# When my mind is free and my soul is empty, is it that wrong I live in Middle East.



## Marwan alamro (Jan 22, 2019)

My greetings from the land of history dawn .


----------



## David612 (Jan 22, 2019)

Freemasonry is illegal in many countries in the Middle East, regardless of wether you agree with that as a law freemasonry requires you to be conform to the laws of your country.
I don’t know about Jordan specifically however.


----------



## Marwan alamro (Jan 23, 2019)

The law that forbids an organizations or fraternities in Jordan is flexible, freemasons respect all religions and humanity, I would doubt law illegalize it ... Especially our great late king hussein, was a master Mason, he was such a great mind indeed, it's somehow forbidden by the ancient lodges to create a public lodge in Muslim world, since it would make a big public dilemma and even riots, unfortunately mystery blended with art is not compatible with most people here...


----------



## Elexir (Jan 23, 2019)

Marwan alamro said:


> The law that forbids an organizations or fraternities in Jordan is flexible, freemasons respect all religions and humanity, I would doubt law illegalize it ... Especially our great late king hussein, was a master Mason, he was such a great mind indeed, it's somehow forbidden by the ancient lodges to create a public lodge in Muslim world, since it would make a big public dilemma and even riots, unfortunately mystery blended with art is not compatible with most people here...

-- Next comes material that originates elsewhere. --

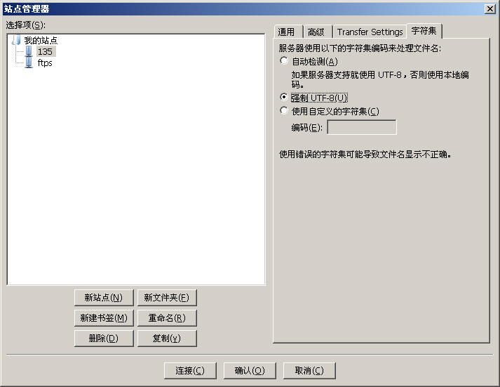你將需要在你的FTP客戶端程式中做出下列設定。
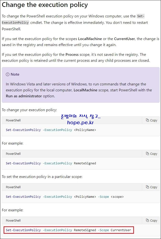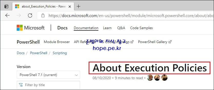 바로 Microsoft Docs 'About Execution Policies' 사이트로 리다이렉션 되네요.

We know that freemasonry has been outlawed in many countries in history.
Its not exatly forbidden by the "ancient" lodges, its forbidden by countries to start new lodges and as we do obey the law there is nothing we can do about it.


----------



## Warrior1256 (Jan 24, 2019)

Elexir said:


> Its not exatly forbidden by the "ancient" lodges, its forbidden by countries to start new lodges and as we do obey the law there is nothing we can do about it.


True!


----------



## Marwan alamro (Feb 2, 2019)

Am reluctant to say Jordanian laws forbids freemasons, in early 90s.. Some parliamentry **edited for language** raise voices against late  king hussein to not legalize it... The king response was simply ( its not illegal to legalize it) .. Since then freemasons live in the shadows here, still they are not illegal nor legal from laws point of view... Ancient lodges preferred to keep their lodges in the middle east in discretion knowing how most people do thinks here..


----------



## David612 (Feb 2, 2019)

If it is currently illegal then it would be wrong of you to join.
Change the laws then join, move or forget about freemasonry.
Really the only options


----------